Posted: Thu Nov 11, 2021 5:02 pm
by jmynheir
So after about 4 days the camera streams failed again. I have narrowed it down to a problem with fcgiwrap. I am able to restore funtionality without a full restart, by running

Code: Select all

sudo systemctl restart fcgiwrap@nginx
I have 6 cameras, and my /etc/sysconfig/fcgiwrap is set to 14

Code: Select all

# fcgiwrap configuration parameters

# Specify the number of fcgiwrap processes to prefork
DAEMON_PROCS=14

# Specify additional daemon options. See man fcgiwrap.
DAEMON_OPTS=-f
I have run up to 36 forks but this has no effect on reducing failures
ram usage during failure is only 3Gb out of 8Gb available(same as when running properly)
swap usage is virtully nonexistant, however 8Gb is allocated.

Re: Web interface fails after 6 days

Posted: Sun Nov 14, 2021 7:56 am
by moholstein
try this paramater :
http://nginx.org/en/docs/http/ngx_http_ ... cache_lock

Only time I've messed with Nginx is to get a multi-server system working correctly from a single outside address (different discussion) but 6 is a suspicious number because of logrotate.conf .. which expects HUP of the pid to act right, and if not you end up with a thread trying to write to place it can't. but my guess based on your numbers is below.

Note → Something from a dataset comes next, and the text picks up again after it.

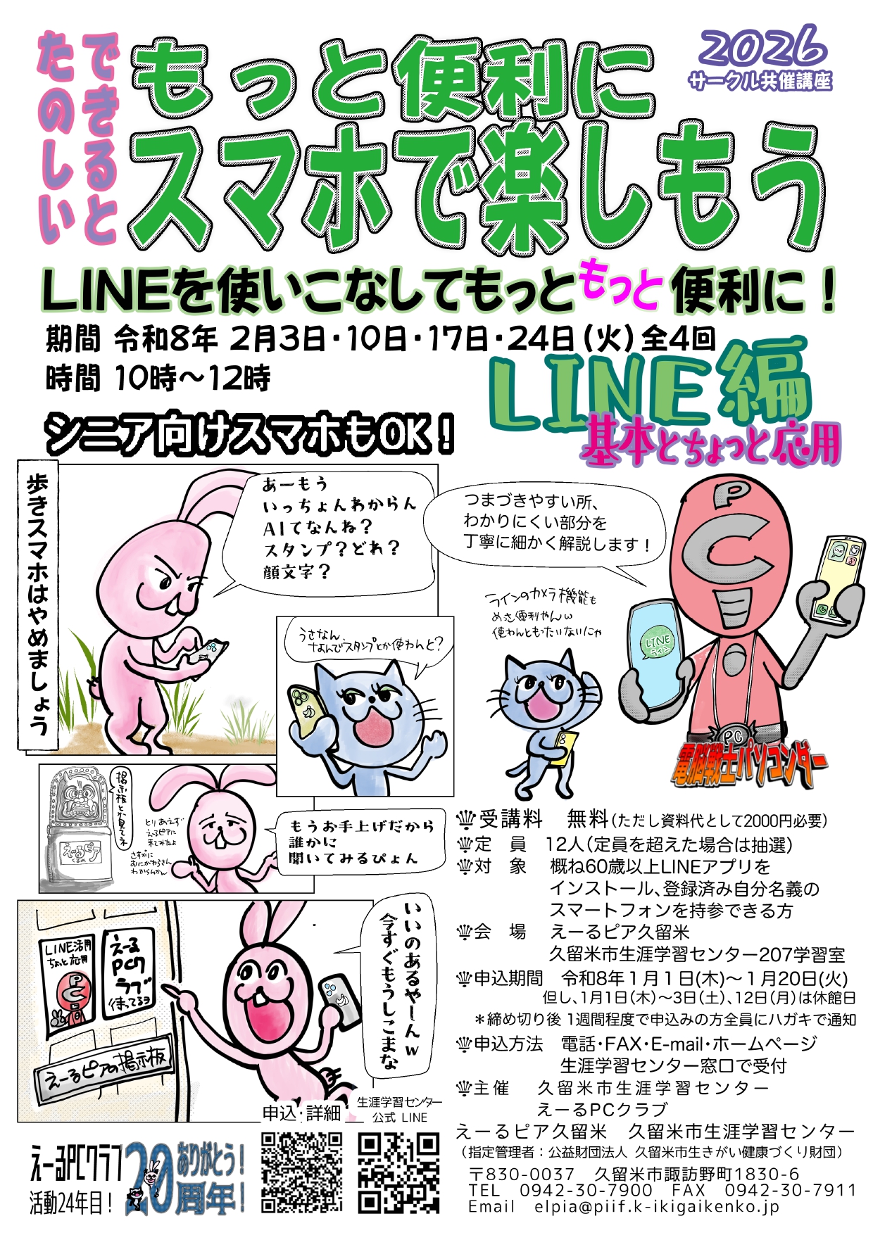 LINEアプリの基本と応用を学びます。 講師は「えーるPCクラブ」の皆さんです。
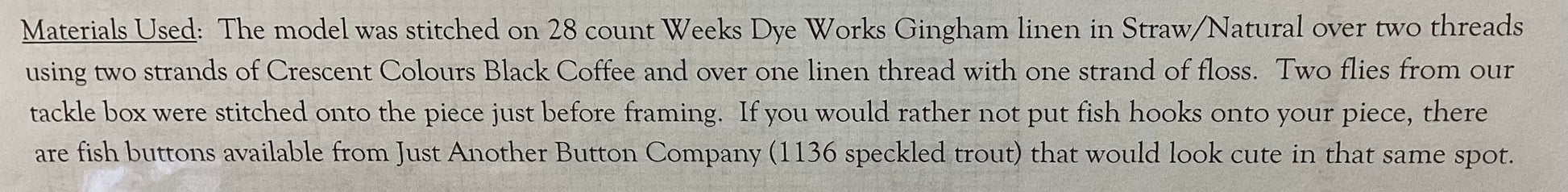 Stitch count: 120 x 62 on 28 count Straw linen from Weeks Dye Works

are you cams rebooting daily like most HiSilicon (Dahua/Hivision/anything that has word "Maintain" on the left" turn that off. Easiest fix here would be just restart fastcgi at 1am by making a cronjob entry .. correct way would be to fix fastcgi. I'd use nginx module for it regardless of what zoneminder does but I'd guess the reason not to is privilege separation in the code the only thing this would break is stuff you'd have already set in the UI anyhow.